Телефонист — страница 86 из 89

Ванга едет сюда. Дюба очень надеялся, что не одна. Будет очень хорошо, если она окажется не одна. Дюба заложил рукоять молотка за пояс брюк. Было пора. Он пополз на одних руках. Раздробленные кости болели немыслимо, нога распухла. Дюба старался не думать о гангренах и о том, как люди могут привыкать к боли; его поколачивало, и глаза были воспалены – признаки жара, но всё же, наверное, не очень сильного. Правда, достаточного, чтобы уже на второй ступеньке сдохнуть от одышки и снова обернуться, вглядываясь в тёмный угол.

«Это жар», – сказал сам себе Дюба. Всё-таки сильнее, чем он хотел бы предполагать, но просто жар – нет там никого, никаких глаз, в темноте.

Дюба пополз дальше, убеждая себя, что за ним никто не крадётся по пятам. Ксения бы видела и предупредила бы его. Видела и, уж конечно, слышала бы, как нарастает злобное ворчание.

Он дополз до половины лестницы, когда силы стали его подводить и потребовалось отдышаться. И он услышал начало нового разговора. Ванга приехала не одна. Она ещё этого не знала, но уже допустила в своё сердце тьму. И очень скоро научится различать в этой тьме.

Дюба пополз быстрее.

49. Как разыграли эндшпиль

Игорь Рутберг встретил их копающимся в двигателе небольшого экскаватора. Спрыгнул с гусеницы:

– Ванга? Привет, – произнёс удивлённо. – Какими судьбами?

– Здравствуй, Игорь, – сказала она. И замолчала.

– Сухов представился.

– Я знаю, кто вы, – улыбнулся Игорь Рутберг. – Поэтому я и назвал её Вангой. Чем обязан?

«Соломинки, соломинки, – у Ванги застучало сердце. – Их всё меньше… Тогда ты тоже встретил меня, беззаботно тренькая на гитаре. Объясняй. Объясняй немедленно! Я так хочу, чтобы это был не ты».

– Где твоя сестра? – услышала Ванга собственные слова.

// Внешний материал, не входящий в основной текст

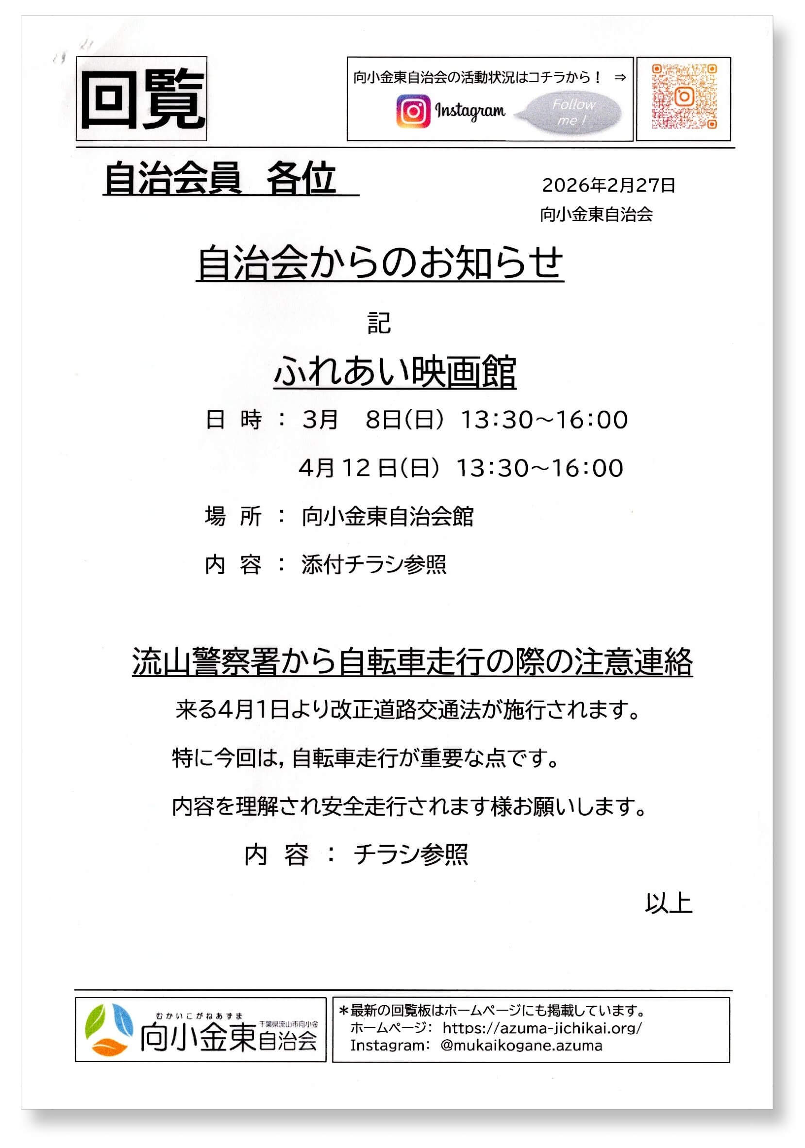 2月27日の回覧板は、「催しもののお知らせ」と「千葉県警察・千葉県からの改正道路交通法についてのお知ら」せです。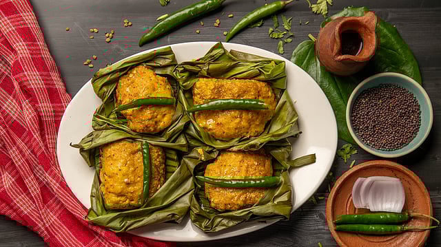It didn’t take us much convincing to let the team at the venue decide our menu for the day and we began this exquisite culinary journey with the Channa Matar (khova peas) Shrutir Chop, the Calcutta Prawn Cutlet and a Machher (fish) Chop. Three chops/cutlets, three delicious variants — what’s not to like? We dunked them in oodles of kasundi and we were ready for more treats. Of course, this while sipping on some refreshing Aampora Sharbat (made from roasted raw mango pulp).

– Какая из двух? – спросил он, совершенно не удивившись. – И зачем это они тебе понадобились?

Ванга задышала чаще и поняла, что, на самом деле, это ей сейчас надо держать себя в руках.

– Ну, не потому что нас интересуют ваши семейные тайны, – спокойно сказал Сухов.

– Да нет никаких тайн, – Игорь Рутберг пожал плечами. – Так в чём дело?

– Протасова, Елена Павловна, работает…

– Я знаю, кем она работает, – прервал Сухова Игорь Рутберг. – И у кого. Она так решила. Это наказуемо?

– Игорь, ты знаешь, о чём мы говорим, – сказала Ванга.

– Да, я слежу за окружающим миром, – согласился тот. – Писатель Форель – любопытный персонаж. И все эти убийства вокруг него… От меня что-то нужно?

Но Сухов не дал Ванге больше говорить:

– Нам известно, что ваша вторая сестра находится сейчас здесь, – сообщил он. – Ольга Павловна Орлова.

– Верно, – подтвердил Игорь Рутберг. – Вот её машина… Их дом подвергся ночью нападению, и она приехала ко мне. Вас это удивляет?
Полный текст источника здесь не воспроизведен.